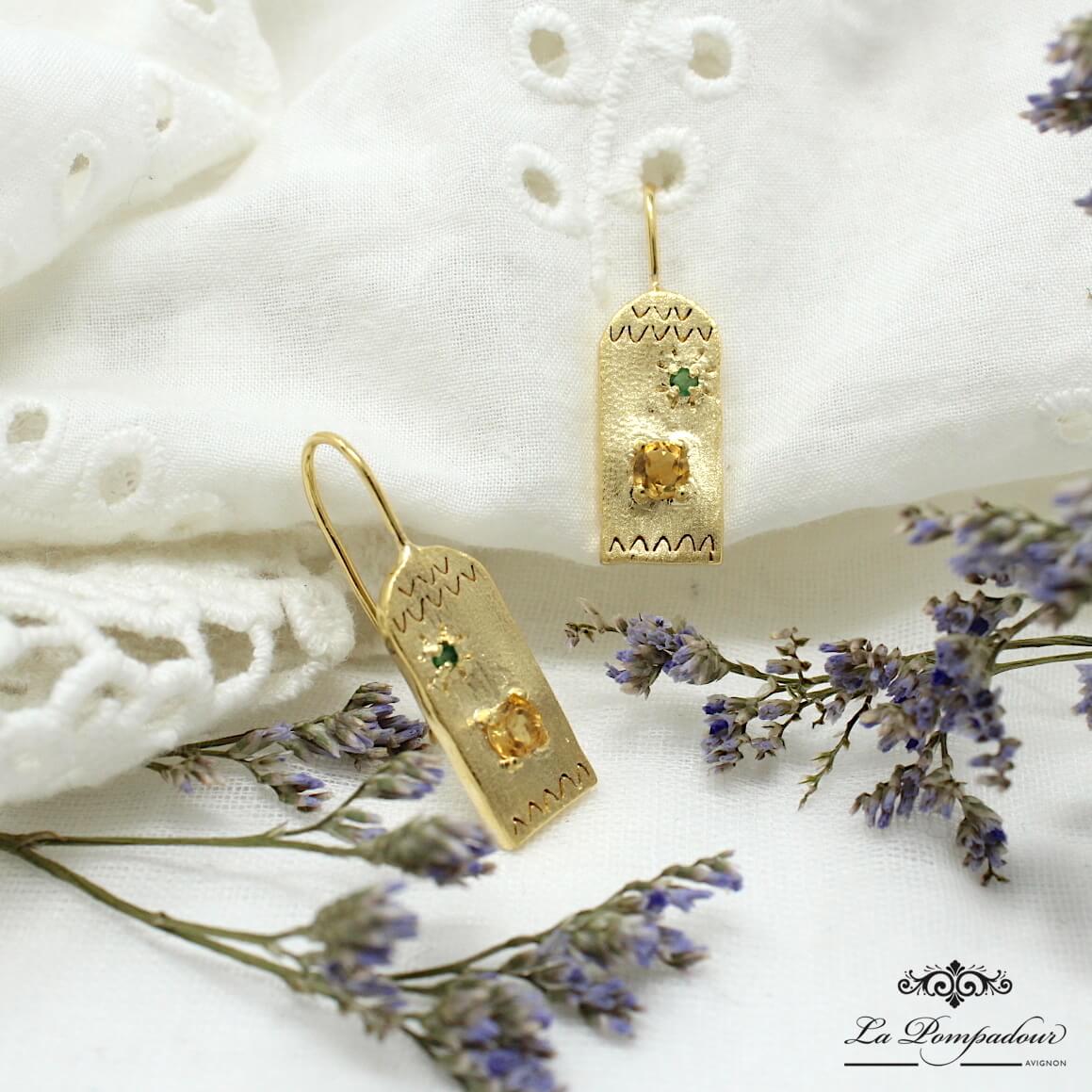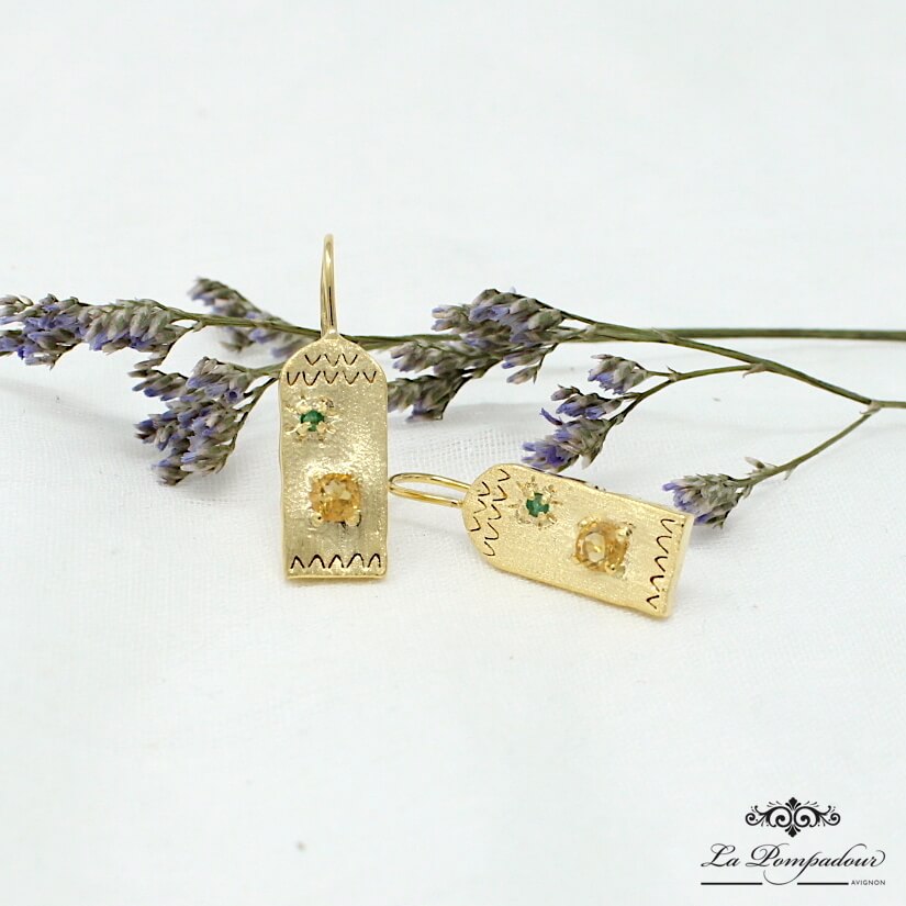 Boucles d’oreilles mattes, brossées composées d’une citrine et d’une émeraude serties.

==

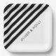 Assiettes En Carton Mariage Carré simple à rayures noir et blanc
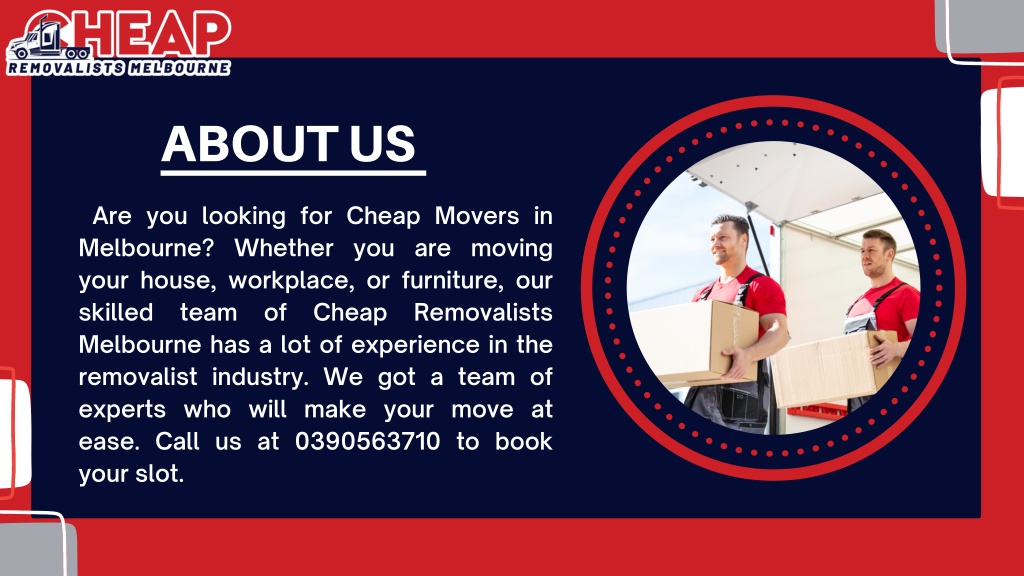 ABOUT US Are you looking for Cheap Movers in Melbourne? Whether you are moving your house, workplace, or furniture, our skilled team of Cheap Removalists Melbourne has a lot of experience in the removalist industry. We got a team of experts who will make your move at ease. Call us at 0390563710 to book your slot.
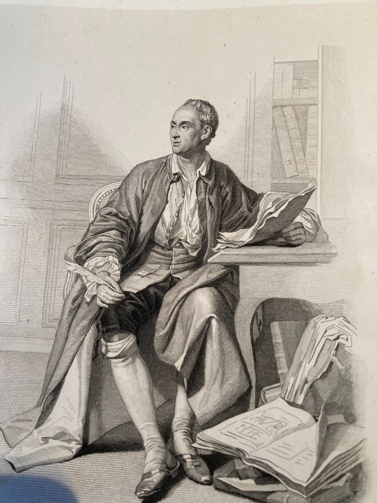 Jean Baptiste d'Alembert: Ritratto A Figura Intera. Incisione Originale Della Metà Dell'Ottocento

About this exercise: Give exactly the lines above that run from the line with "Assiettes En Carton" to the line with "Jean Baptiste d'Alembert: Ritratto", both included, leaving every picture out.

Response box:
 Assiettes En Carton Mariage Carré simple à rayures noir et blanc
 ABOUT US Are you looking for Cheap Movers in Melbourne? Whether you are moving your house, workplace, or furniture, our skilled team of Cheap Removalists Melbourne has a lot of experience in the removalist industry. We got a team of experts who will make your move at ease. Call us at 0390563710 to book your slot.
 Jean Baptiste d'Alembert: Ritratto A Figura Intera. Incisione Originale Della Metà Dell'Ottocento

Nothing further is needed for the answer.